··· The data ···
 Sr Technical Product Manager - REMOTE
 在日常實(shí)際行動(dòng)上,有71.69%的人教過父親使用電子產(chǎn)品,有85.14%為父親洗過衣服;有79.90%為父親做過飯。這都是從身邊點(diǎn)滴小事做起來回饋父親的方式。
···
··· The data ···
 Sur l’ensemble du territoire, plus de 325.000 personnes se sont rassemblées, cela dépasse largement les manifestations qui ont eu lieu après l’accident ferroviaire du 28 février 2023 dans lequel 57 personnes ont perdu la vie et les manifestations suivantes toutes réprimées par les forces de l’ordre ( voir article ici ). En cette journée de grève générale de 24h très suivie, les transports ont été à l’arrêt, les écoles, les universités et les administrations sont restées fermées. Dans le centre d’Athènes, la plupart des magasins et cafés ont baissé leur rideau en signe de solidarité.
···
··· The data ···
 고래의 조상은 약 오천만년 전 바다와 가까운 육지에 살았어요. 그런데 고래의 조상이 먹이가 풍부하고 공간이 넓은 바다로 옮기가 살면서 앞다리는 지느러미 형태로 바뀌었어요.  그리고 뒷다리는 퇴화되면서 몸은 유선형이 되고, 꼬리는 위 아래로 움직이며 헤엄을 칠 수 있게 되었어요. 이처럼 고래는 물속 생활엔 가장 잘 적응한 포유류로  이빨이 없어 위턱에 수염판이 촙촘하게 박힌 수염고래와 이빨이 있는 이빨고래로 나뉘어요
···
Repeat, exactly as they stand above, the lines from the line with "Sr Technical Product Manager - REMOTE" to the line with "在日常實(shí)際行動(d", both lines included.

 Sr Technical Product Manager - REMOTE
 在日常實(shí)際行動(dòng)上,有71.69%的人教過父親使用電子產(chǎn)品,有85.14%為父親洗過衣服;有79.90%為父親做過飯。這都是從身邊點(diǎn)滴小事做起來回饋父親的方式。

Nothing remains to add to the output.